I hope that everyone has at least heard that “there is no salvation without humility.” All emotional and bodily pleasures are regrettably opposed to the spiritual good, due to the fact that the sin destroyed the harmony between body and spirit. That is why, if you want to achieve spiritual joy, you have no choice other than to exhaust your body with fasting, kneeling, physical labor. You must not allow your soul to be relaxed, to have free time and to slack off more than absolutely necessary. You require some rest, in fact: not everyone can lead the harsh life. It is very hard and painful. However, the measure of rest must remain under our control because we can easily turn relaxation of the body into lust. Sadly, people can hide some really indecent actions under the guise of well-earned rest. Even though their bad actions might pale in comparison with what is going on around us, it might nevertheless constitute a step away from God.

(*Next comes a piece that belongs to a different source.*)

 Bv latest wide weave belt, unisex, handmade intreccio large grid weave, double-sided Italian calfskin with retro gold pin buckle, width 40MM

We have to show reasonable wisdom and courage to be able to tread this royal path, in which case the Lord will look upon us graciously, willing to give us what He wants to give us and for the sake of which He came to earth. He says, It is better for you that I leave because in that case I will send you the Comforter. The veritable spiritual life means connection with the Comforter, the Holy Spirit. The Holy Spirit comforts man both in his physical labor and emotional sorrows. The Holy Spirit can comfort us so well that no one and nothing ever can, and there isn’t anything sweeter than that. It is not a hyperbole when we sing O Sweetest Jesus in the Akathist. The holy author of that Akathist breathed out this word because he felt the sweetness of being with God and communion with him. “O taste and see that the LORD is good.” When one has tasted that the Lord is good, even for one moment, he will never forget it. That is why each of us who has tasted the sweetness of church life, the sweetness of worship, cannot forget it by any means. All other delights, which we receive from the natural world, cannot compare with it. Worship is the genuine life in the Holy Spirit.

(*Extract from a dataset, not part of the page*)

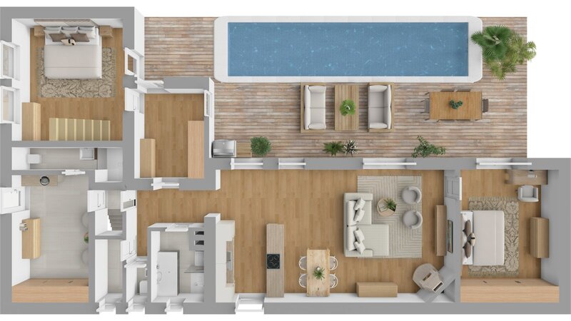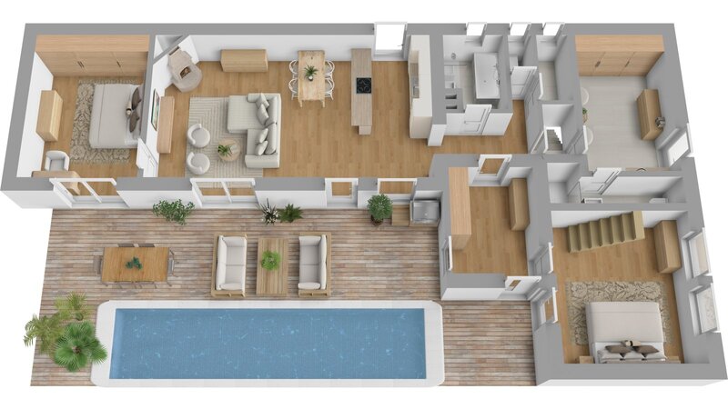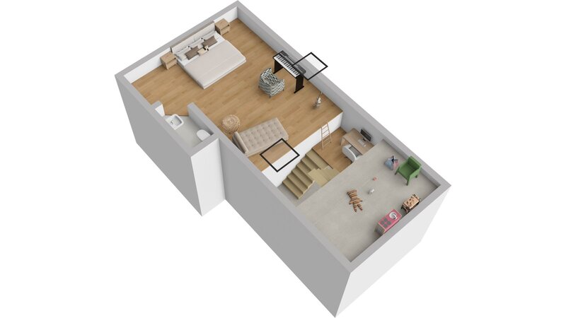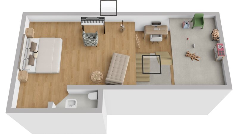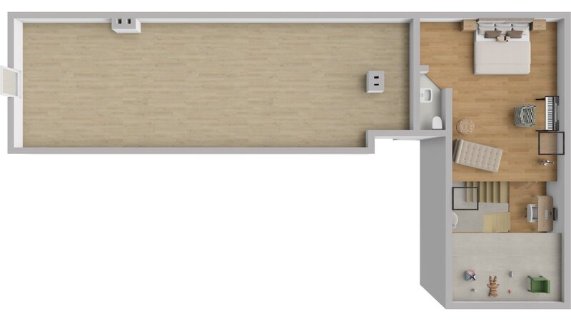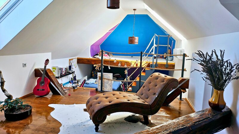 (9m²), a dětský koutek (5m²). Na tento prostor navazuje pokoj v podkroví

That is why our motivation to go to church as often as possible is understandable: we are rewarded if we do. Our souls are longing and yearning to experience that spiritual pleasure more and more. Alas, it isn’t possible. Our souls are too small to contain it. Therefore, we have to make them wider. The only way to make our souls wider is by doing the actions that I’ve mentioned in the beginning, i.e., by exerting, exhausting, and nudging oneself. The greater your effort, the more you will gain. There is no other way. It isn’t automatically granted, though: we can tell it from the 2,000-year long experience of the Church that the more one exhausted oneself, the more he or she gained as a result. That is why each of us actually reaps only what he has sown and receives only what he has earned. The unwillingness and shirking from that is stealing from yourself.